- Your goal:
Exactly the lines from the one containing "圣诞儿童演出服装女童民族舞秧歌舞表演服幼儿喜庆开门红舞蹈衣服" through the one containing "Mit dem neuen" in the listing below are to be copied, with the pictures left out.

- Dataset content:
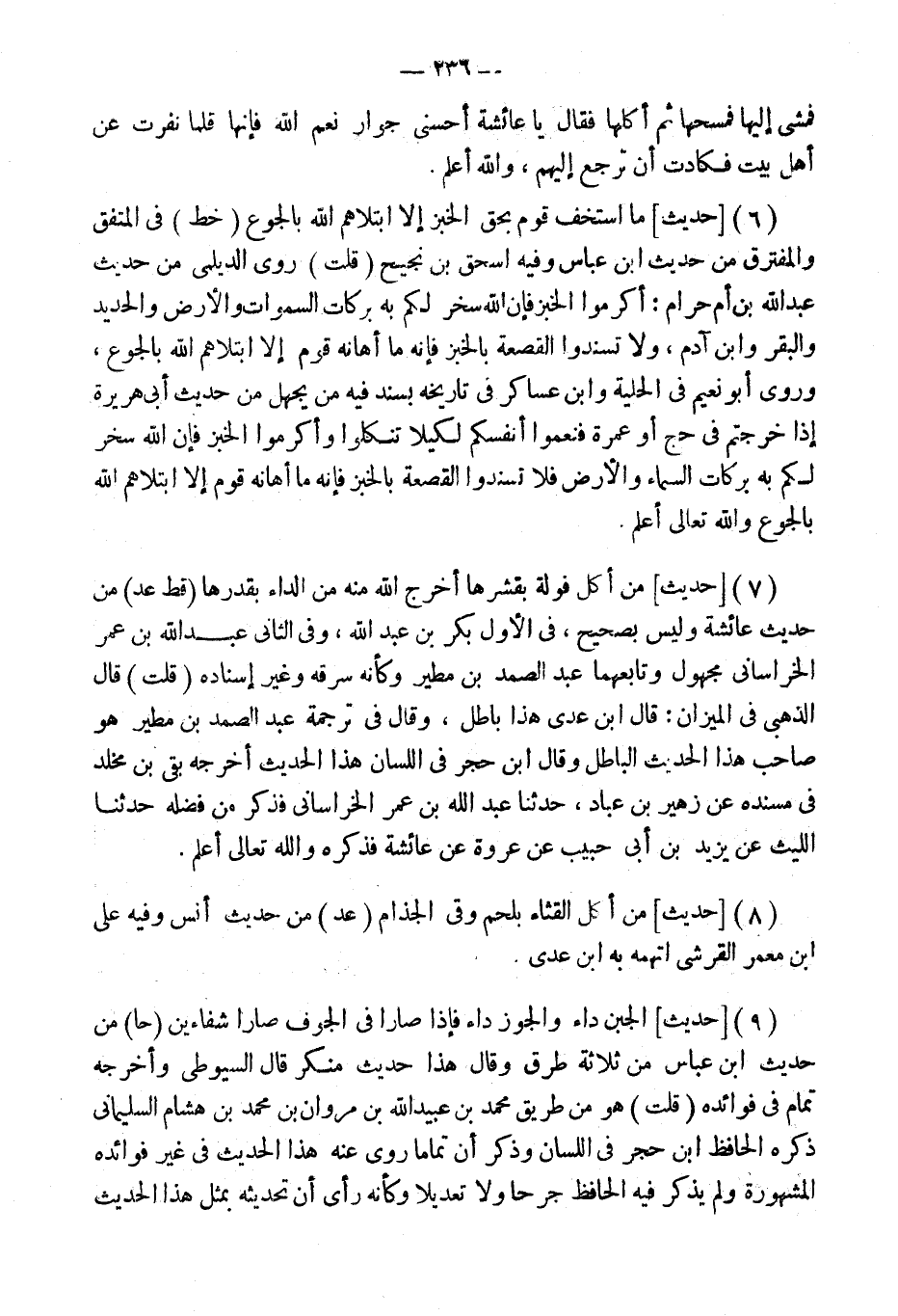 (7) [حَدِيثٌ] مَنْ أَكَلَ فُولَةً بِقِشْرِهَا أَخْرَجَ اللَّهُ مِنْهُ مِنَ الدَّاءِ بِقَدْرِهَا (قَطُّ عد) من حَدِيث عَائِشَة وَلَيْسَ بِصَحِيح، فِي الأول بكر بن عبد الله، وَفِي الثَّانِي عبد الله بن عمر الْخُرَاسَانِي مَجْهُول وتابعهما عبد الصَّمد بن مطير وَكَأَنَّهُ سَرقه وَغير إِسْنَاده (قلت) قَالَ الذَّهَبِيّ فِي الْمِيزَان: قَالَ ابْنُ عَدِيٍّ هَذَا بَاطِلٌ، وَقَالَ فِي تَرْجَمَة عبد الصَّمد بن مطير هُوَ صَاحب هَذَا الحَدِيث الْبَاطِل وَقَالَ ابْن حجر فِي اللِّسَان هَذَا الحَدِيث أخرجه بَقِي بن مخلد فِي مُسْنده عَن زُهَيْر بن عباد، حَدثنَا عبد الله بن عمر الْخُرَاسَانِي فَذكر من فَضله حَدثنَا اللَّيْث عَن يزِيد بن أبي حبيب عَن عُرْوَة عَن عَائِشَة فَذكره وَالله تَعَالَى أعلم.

--

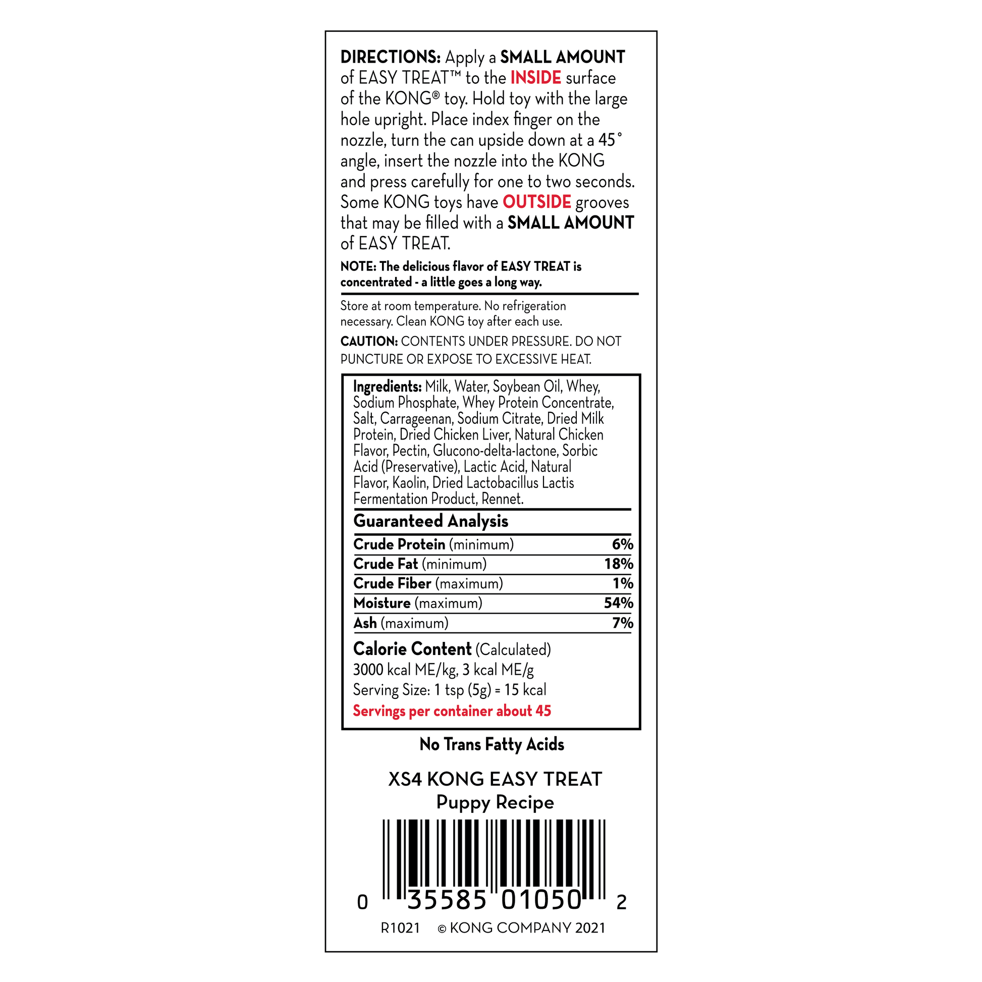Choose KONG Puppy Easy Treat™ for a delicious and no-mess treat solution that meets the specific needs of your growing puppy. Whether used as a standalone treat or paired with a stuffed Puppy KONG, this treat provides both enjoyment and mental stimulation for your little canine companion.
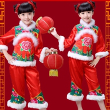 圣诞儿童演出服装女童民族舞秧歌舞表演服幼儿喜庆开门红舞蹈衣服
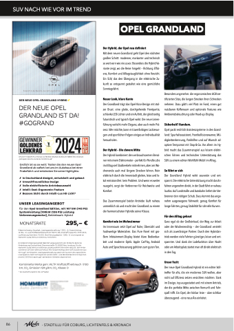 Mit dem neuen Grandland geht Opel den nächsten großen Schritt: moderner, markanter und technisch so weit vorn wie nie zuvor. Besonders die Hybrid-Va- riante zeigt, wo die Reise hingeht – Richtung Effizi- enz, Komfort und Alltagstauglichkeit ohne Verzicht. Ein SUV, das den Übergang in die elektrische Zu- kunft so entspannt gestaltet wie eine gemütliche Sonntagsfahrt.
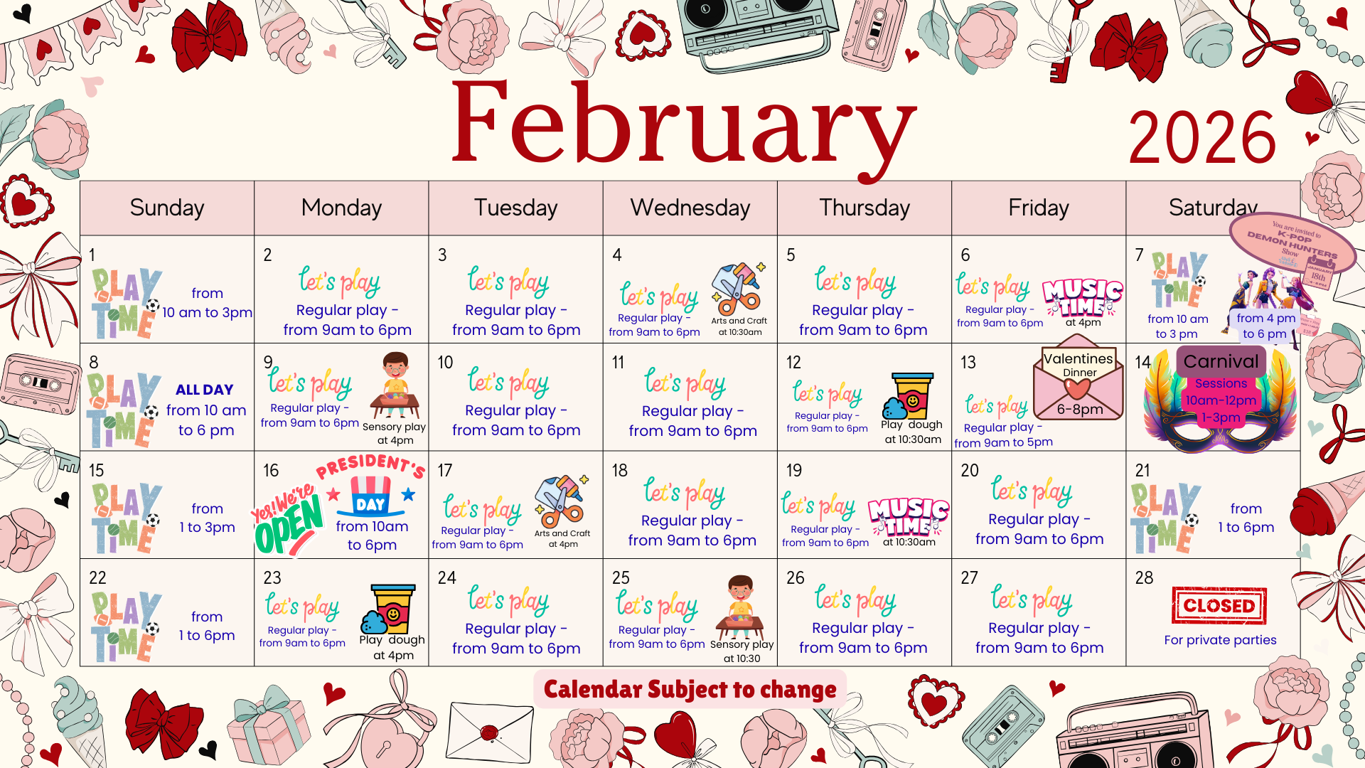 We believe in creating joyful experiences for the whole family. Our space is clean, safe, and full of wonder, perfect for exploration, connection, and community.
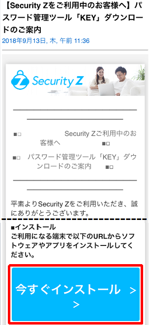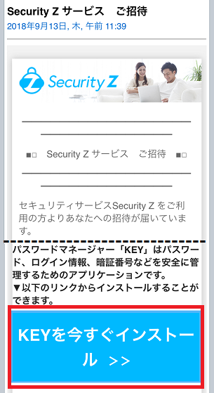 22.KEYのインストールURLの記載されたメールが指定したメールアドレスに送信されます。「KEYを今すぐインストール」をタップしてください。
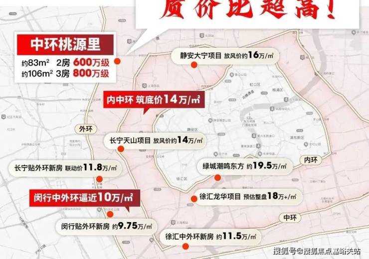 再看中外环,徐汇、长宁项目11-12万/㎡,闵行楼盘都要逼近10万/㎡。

- Exercise response:
 圣诞儿童演出服装女童民族舞秧歌舞表演服幼儿喜庆开门红舞蹈衣服
 Mit dem neuen Grandland geht Opel den nächsten großen Schritt: moderner, markanter und technisch so weit vorn wie nie zuvor. Besonders die Hybrid-Va- riante zeigt, wo die Reise hingeht – Richtung Effizi- enz, Komfort und Alltagstauglichkeit ohne Verzicht. Ein SUV, das den Übergang in die elektrische Zu- kunft so entspannt gestaltet wie eine gemütliche Sonntagsfahrt.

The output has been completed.